Sobald sich der Pflanzenteppich geschlossen hat, wird das Unkrautproblem jedoch deutlich geringer. Dann nimmt der dichte Bewuchs so viel Licht weg, dass die meisten Unkräuter keine Chance mehr haben. Eine Mulchschicht in der Anfangsphase beschleunigt diesen Prozess erheblich.
Besonders hartnäckige Wurzelunkräuter wie Quecke oder Ackerwinde solltest du vor der Pflanzung konsequent entfernen – am besten von Hand oder mit einem Bodenstecher.
Häufige Fehler beim Einsatz von Bodendeckern
Auch bei robusten Pflanzen können Fehler passieren. Die häufigsten Stolperfallen im Überblick:
- Falscher Standort: Sonnenpflanzen im Schatten oder Schattenpflanzen auf dem Trockenhang – die Artenwahl muss zum Standort passen.
- Zu wenig Pflanzen auf großer Fläche: Wer spart, pflanzt zu weit auseinander und kämpft jahrelang gegen Unkraut.
- Unkraut nicht konsequent vor der Pflanzung entfernt: Was vor dem Pflanzen im Boden steckt, kommt danach wieder hoch.
- Keine Mulchschicht in der Anfangsphase: Besonders in der Einwachszeit ist Mulch wichtig, um Feuchtigkeit zu halten und Unkraut zu bremsen.
- Zu aggressiv gewählte Arten: Pflanzen wie Efeu oder Vinca können sich stark ausbreiten und andere Gartenbereiche besiedeln – regelmäßiges Beschneiden ist dann Pflicht.

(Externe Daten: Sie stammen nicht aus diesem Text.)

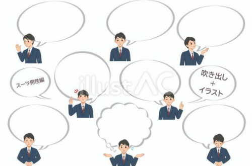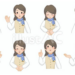イラスト入り吹き出しのセットです。レセプションの女性編。イラストACからダウンロードできます。
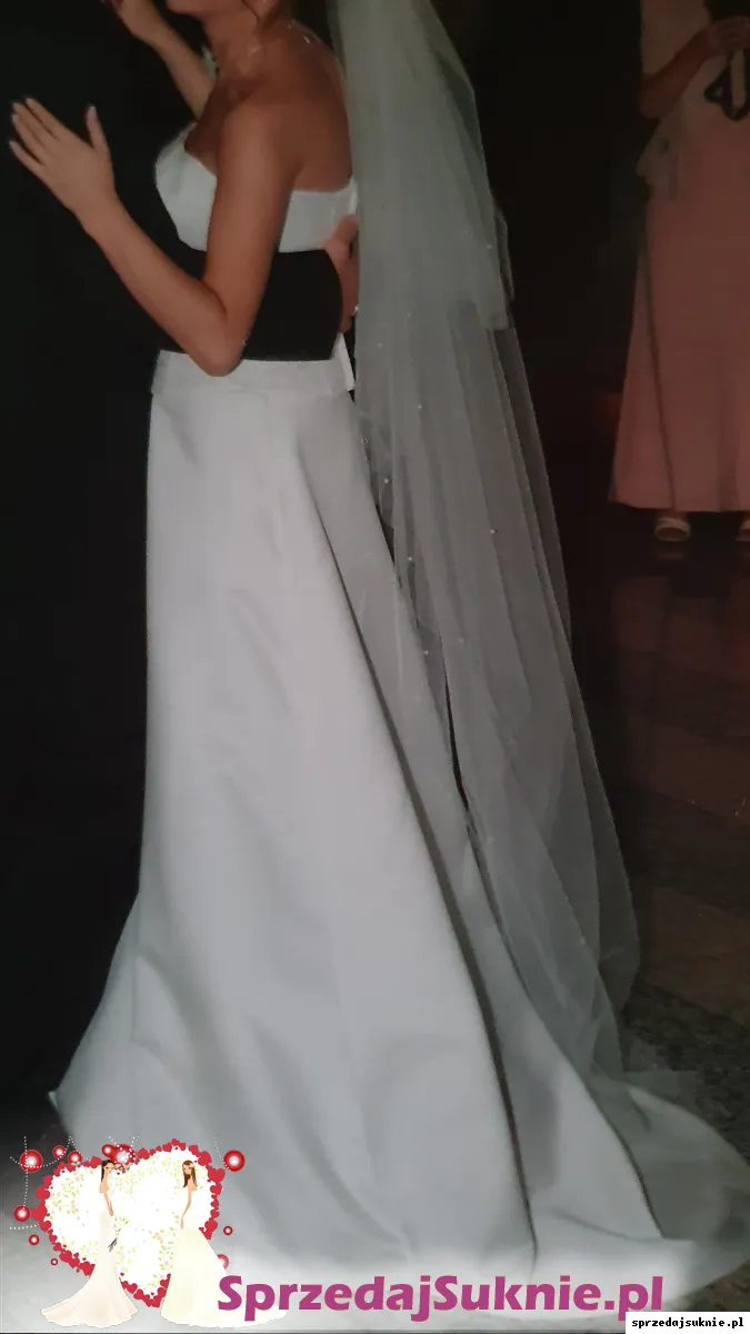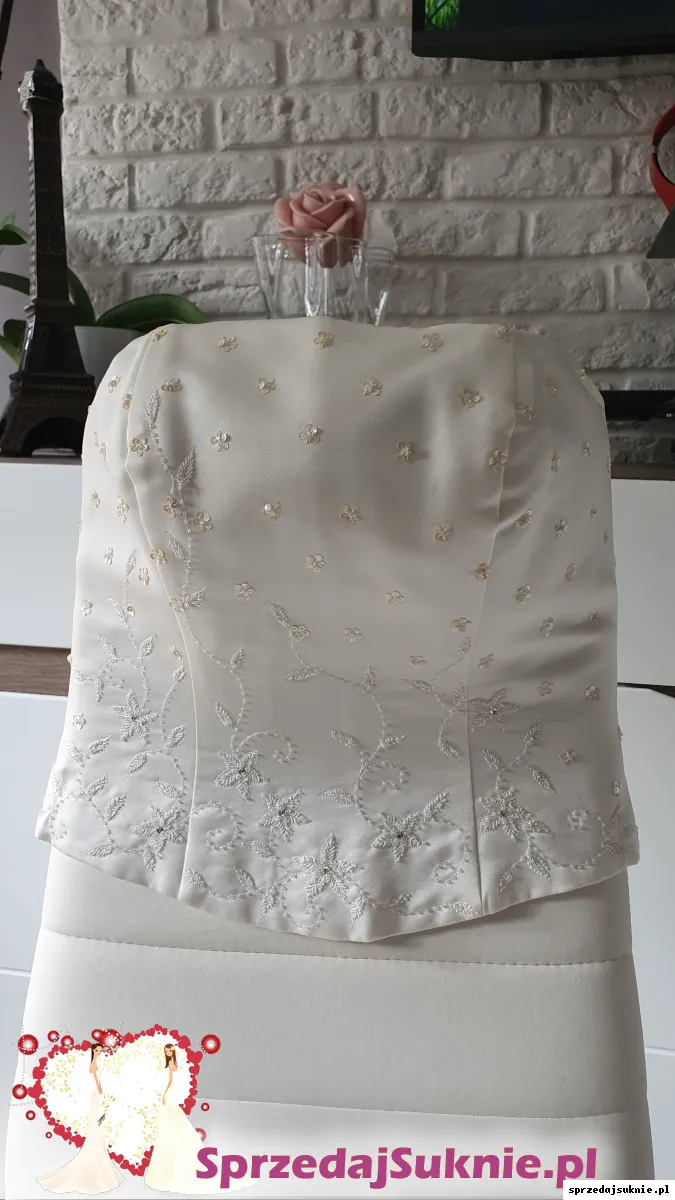 W komplecie również welon bez obszycia z perełkami i nieużywany szal haftowany motywem jak na gorsecie (zdjęcia na priv), gładkie długie rękawiczki oraz ozdoba do włosów i na szyję z tej samej serii.
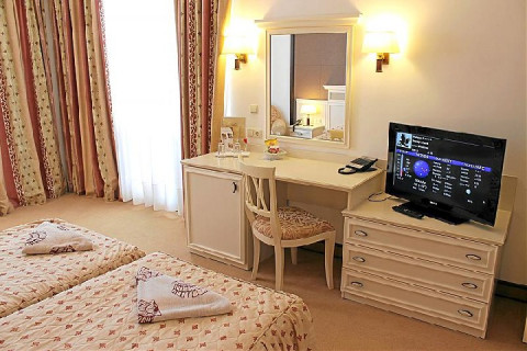 SUITE: 2 приміщення з двері між кімнатами, в спальні: 1 двоспальне ліжко, у вітальні: раскл.діван; 1 ванна кімната з ванною; макс.2в. + 2р., 3в .;

Fazit: Bodendecker Pflanzen als grüne Allrounder
Bodendecker Pflanzen sind eine smarte Lösung für viele Gartensituationen – ob kahle Flächen unter Bäumen, schwierige Hanglagen oder schlicht Bereiche, die du mit wenig Aufwand grün halten möchtest. Die richtige Artenwahl ist dabei entscheidend: Mit der passenden Pflanze für den jeweiligen Standort legst du den Grundstein für ein Beet, das sich fast von selbst pflegt.
Ob du auf immergrüne Klassiker wie Efeu und Immergrün setzt, auf blühende Frühlingsschönheiten wie Kriechphlox und Blaukissen oder auf trockenheitstolerante Sorten wie Sedum und Thymian – Bodendecker bieten für jeden Garten und jeden Geschmack die passende Lösung. Einmal gepflanzt und gut etabliert, werden sie zu einem verlässlichen und dekorativen Teil deines Gartens, auf den du nicht mehr verzichten möchtest.